I had them fix the unit and will just have to treat it very gently. Listen to the motor for a change in speed.
Note: I've had a less powerful Champion Juicer for over 25 years with no overload problem because it has a mechanical overload switch in it that protects the motor.
I have added more information in a comment I made as of 2-19-12.
295 of 308 found the following review helpful:
well built juicerAug 18, 2007
Breville BJE510 was nominated Australian Design Award and it deserves it indeed.

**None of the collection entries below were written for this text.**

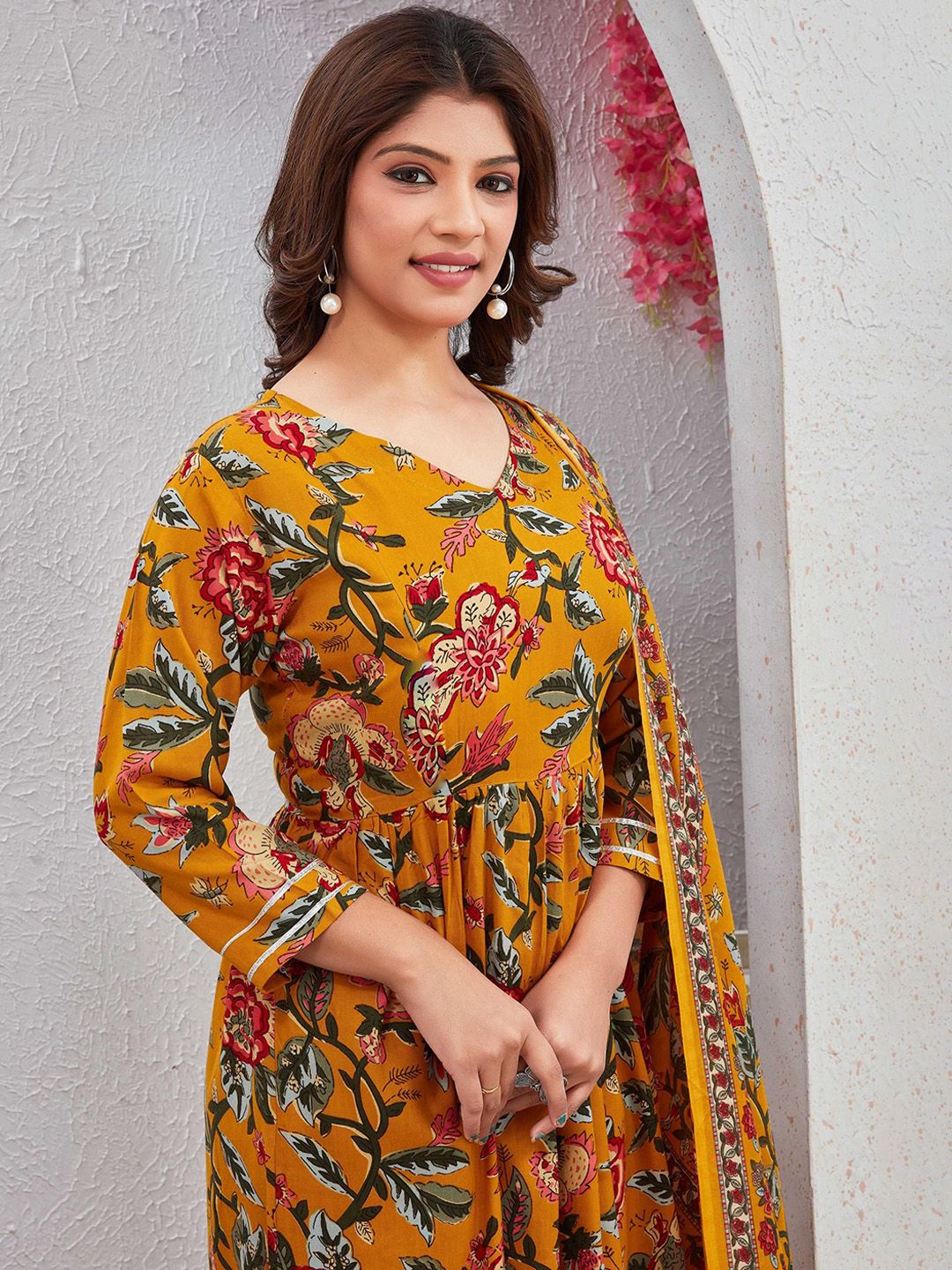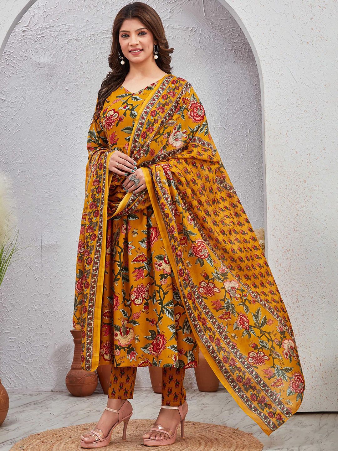 SKY FAB Women Ethnic Motifs Printed Regular Kurti Set With Dupatta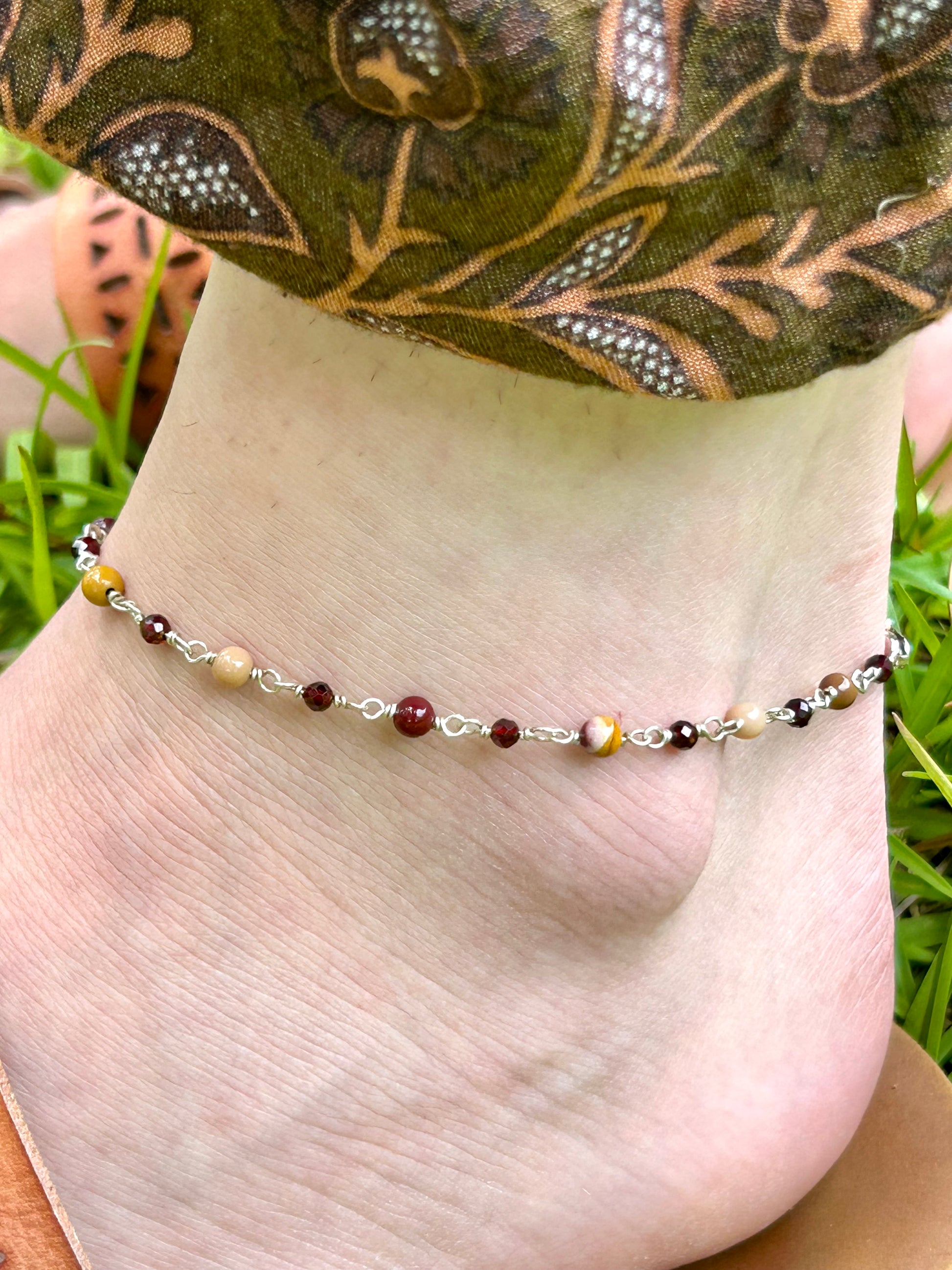 Chain link anklet made with round Mookaite Jasper and faceted round Garnet gemstone beads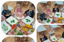 Детки младшей группы рисовали листопад в нетрадиционной технике - при помощи отпечатка листьев на бумаге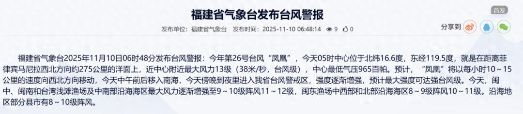 台风“凤凰”已于昨天(9日)在菲律宾吕宋岛奥罗拉省沿海登陆,预计再次登陆!将于10日傍晚到夜里进入福建省台风警戒区。

Built very well with outstanding attention to detail, solid stainless steel feed chute, thick and mirror finished acrylic parts that do not have difficult to wash nooks. Juicing carrots left no stains and washing with paper towel and few drops of mild detergent took about 3 minutes for acrylic parts and 5 minutes for the basket with help of soft brush. Locking bar is solid metal with safety - motor will not start if bar is not raised to lock position to prevent any accidental startup. Speed dial has solid feel and digital info display is very cool looking. After choosing speed the power requirement is automatically adjusting according to load. Unit is slightly heavy yet within a reason. Cutter assembly has simple yet solid lock and is easy to remove - no more pulling apart stuck cutter basket and motor base wondering when you are finally going to break it. Pulp from veggies comes out with little moisture and not dripping wet, so efficiency appears to be quite good. Amazon shipping came in double carton and manufacturer also uses very thick padding therefore no problem with shipping and no damage of any kind. In one sentence, this juicer is practically designed, works very well and looks good.